Casa Bernabé Christian School
Offering Pre-K through 9th grade education, Casa Bernabé Christian School provides quality, Christ-centered education to the children and youth of Casa Bernabé, as well as the surrounding community. For more than 10 years, the school has generously opened its doors to families in our local community. Due to many economic and social limitations, in most cases the children from these families would otherwise not have the chance to receive any kind of formal education, let alone a high-quality Christian education.
Guatemalan Educational Landscape
Families that live in extreme poverty often see school as an impossible cost. Even public school carries costs, including books, uniforms, and transportation. Because parents have not experienced the increases in earning, quality of life, and personal dignity that come from education, they often don’t know what they are missing by pulling a child out of school to work instead.
This is why it’s a cycle: children who grow up without education are less likely to send their own children to school.
- Friends of Ninos de Guatemala
By providing a generation of Guatemalan children with a quality education, we hope to replace a vicious cycle with a virtuous one.

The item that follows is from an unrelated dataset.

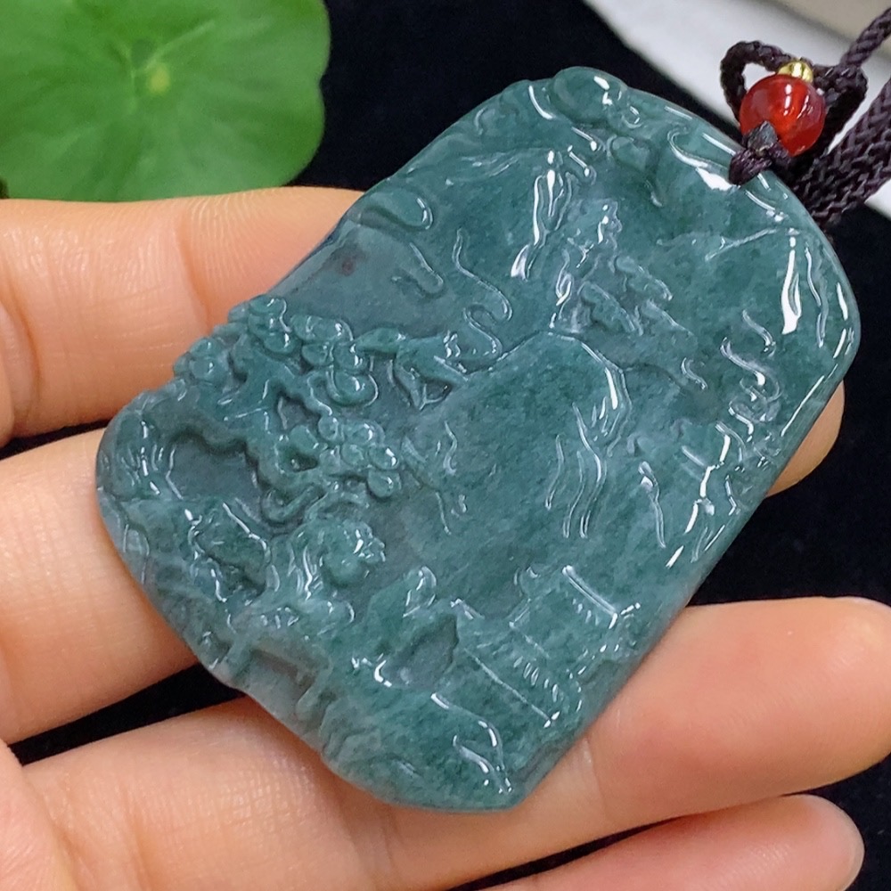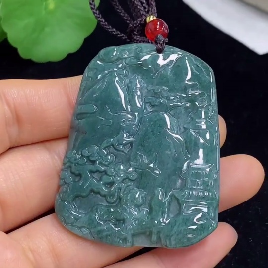 Jadeite Landscape Pendant Total Weight Approx. 21.04g (including rope weight)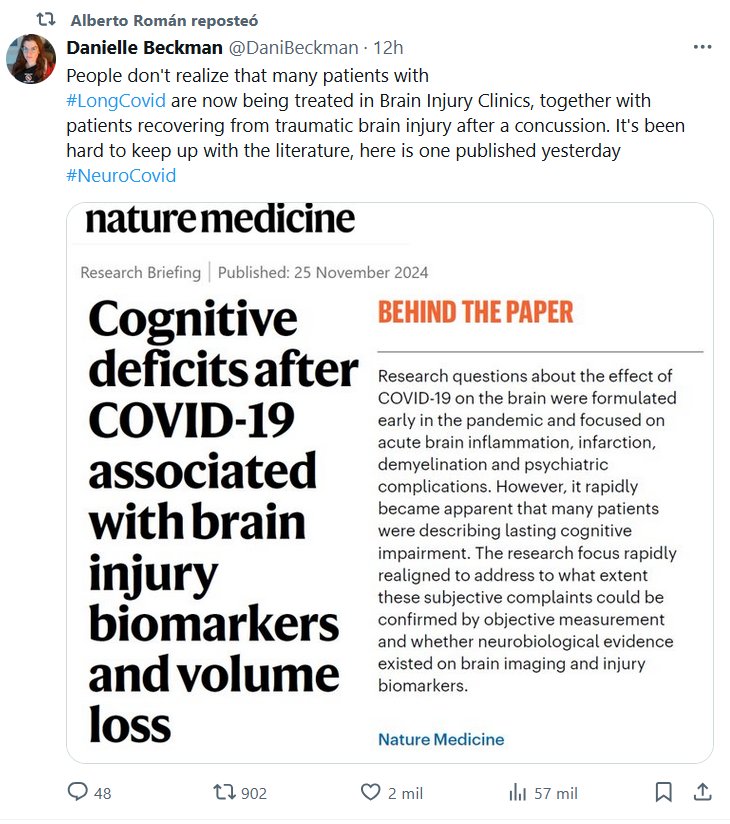 EN INGLÉS La gente no se da cuenta de que muchos pacientes con #CovidProlongado están siendo tratados en clínicas de lesiones cerebrales, junto con pacientes que se recuperan de una lesión cerebral traumática después de una conmoción cerebral. Ha sido difícil mantenerse al día con la literatura, aquí hay una publicada ayer #NeuroCovid

Instead of poverty sowing seeds for still more poverty, education will create an environment that leads to opportunities and education for successive generations as well.
Instead of leaving school to work, children will have the chance to increase their future income, engage their intellectual curiosity, and live more stable lives.
In 2020 we completed a school expansion project, giving us additional classroom space and education resources tailored to build a strong early foundation and more specialized instruction and technological resources with smaller class sizes through our higher grades.
Based on Early Childhood Care and Education research, we have constructed three separate classroom structures on our existing campus.
These structures were completed with our Pre-K through 1st grade children in mind, utilizing child-sized fixtures and scalable components.
The size of the rooms, types of furniture, color of the walls, amount of light, and room layouts all influence how children learn. If the classroom is too chaotic and over stimulating, this can easily distract them from learning.
Keeping in mind the traumatic backgrounds many of our children come from, creating safe places, particularly in regard to bathroom use, was of highest priority for us.
We also built an educational administrative building that houses a beautiful sensory therapy room.
In addition to these new spaces, we restructured the use of the old school building to accommodate smaller class sizes for our older children in grades 2-9, introducing class-switching for different subjects and more ability-minded teaching.